## ACTIVITY
In the data below, find the line with "Kali ini Bidang" and the line with "2月24日訊 阿森納官方消息", then restate both and every line between them exactly, minus the pictures.

## SOURCE MATERIAL
==========

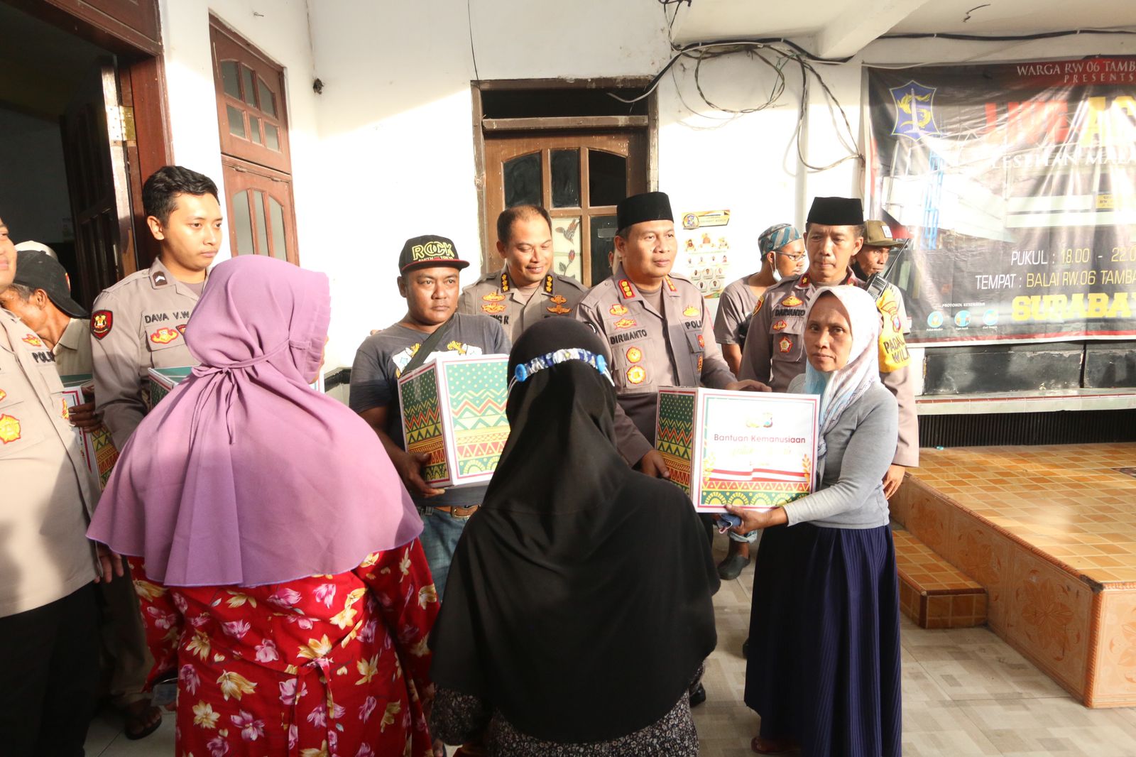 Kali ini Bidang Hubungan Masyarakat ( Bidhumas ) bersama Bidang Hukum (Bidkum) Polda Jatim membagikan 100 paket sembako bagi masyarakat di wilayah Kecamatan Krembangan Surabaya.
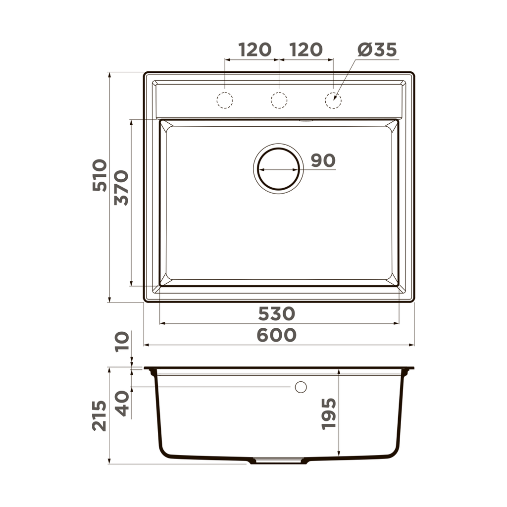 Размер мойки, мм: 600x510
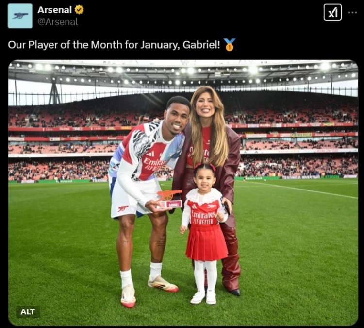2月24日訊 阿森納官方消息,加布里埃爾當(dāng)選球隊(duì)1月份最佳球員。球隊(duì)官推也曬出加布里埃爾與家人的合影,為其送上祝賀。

==========

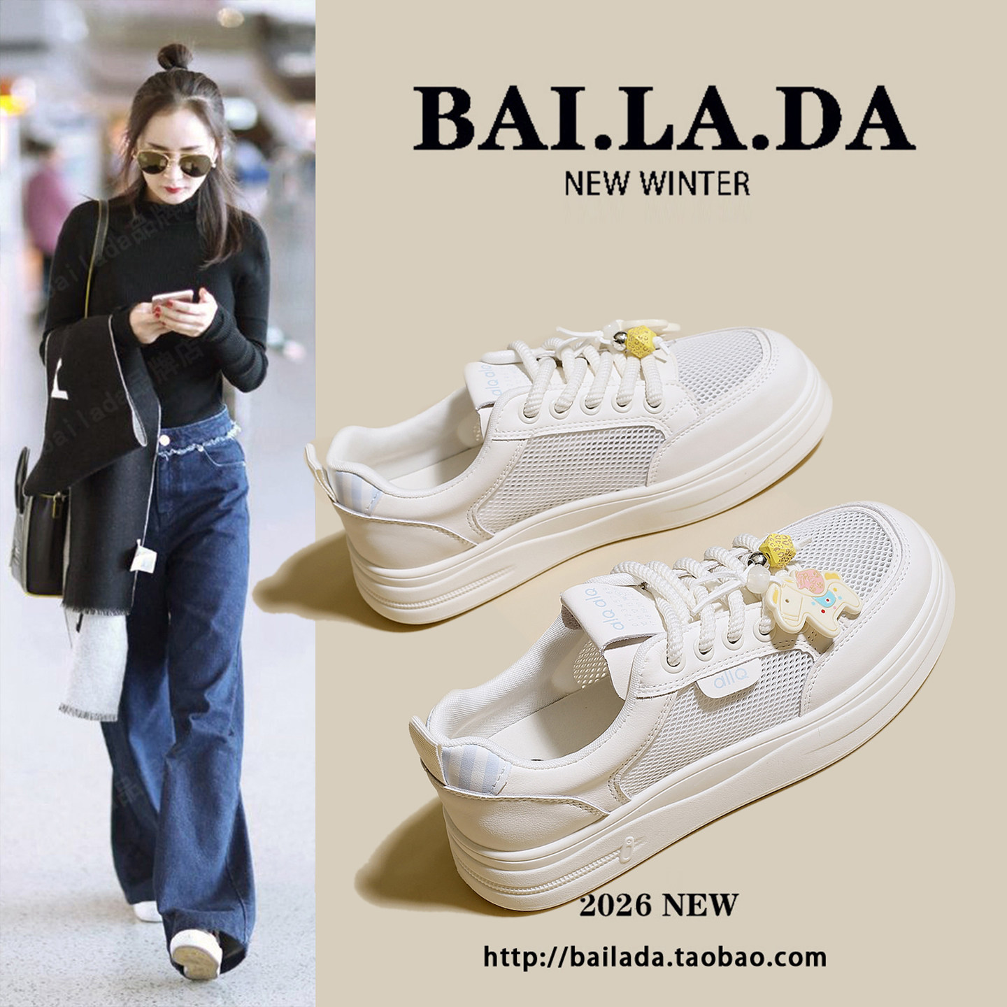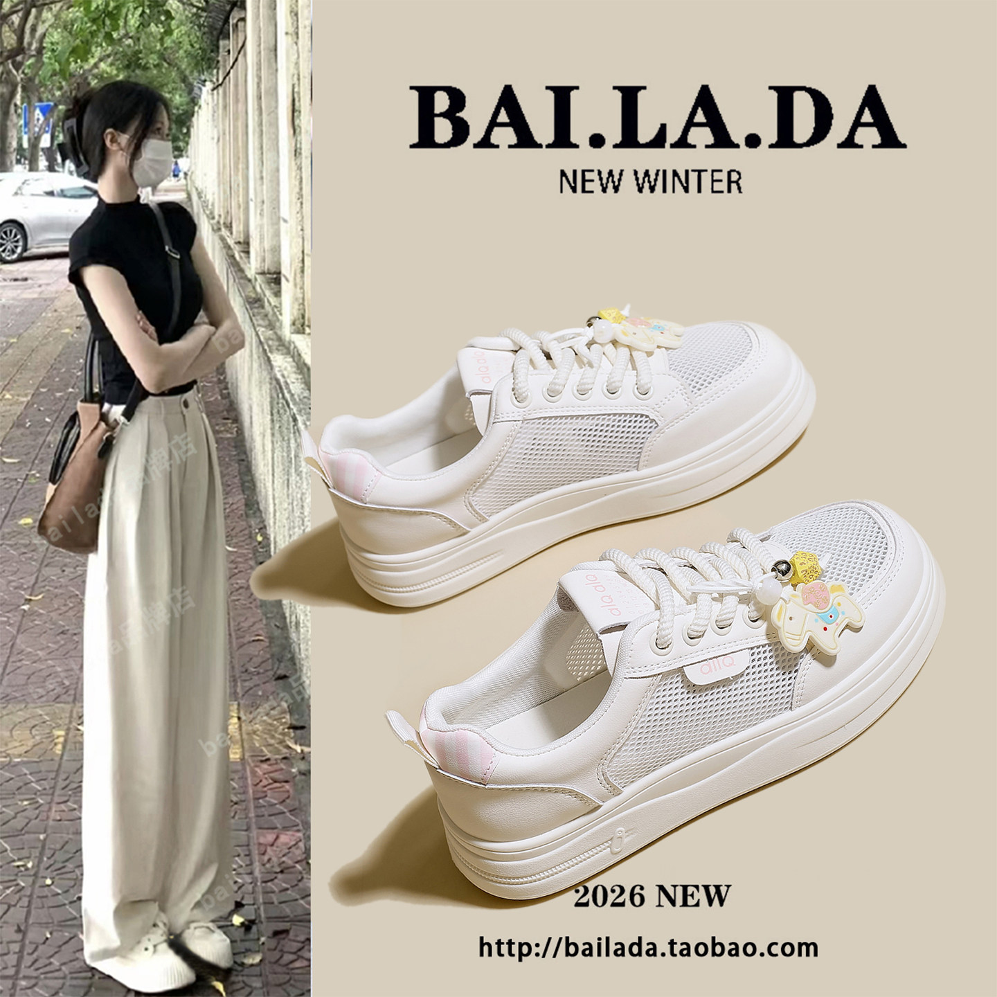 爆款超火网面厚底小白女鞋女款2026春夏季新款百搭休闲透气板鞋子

==========

## OUTPUT OF THE TASK
 Kali ini Bidang Hubungan Masyarakat ( Bidhumas ) bersama Bidang Hukum (Bidkum) Polda Jatim membagikan 100 paket sembako bagi masyarakat di wilayah Kecamatan Krembangan Surabaya.
 Размер мойки, мм: 600x510
2月24日訊 阿森納官方消息,加布里埃爾當(dāng)選球隊(duì)1月份最佳球員。球隊(duì)官推也曬出加布里埃爾與家人的合影,為其送上祝賀。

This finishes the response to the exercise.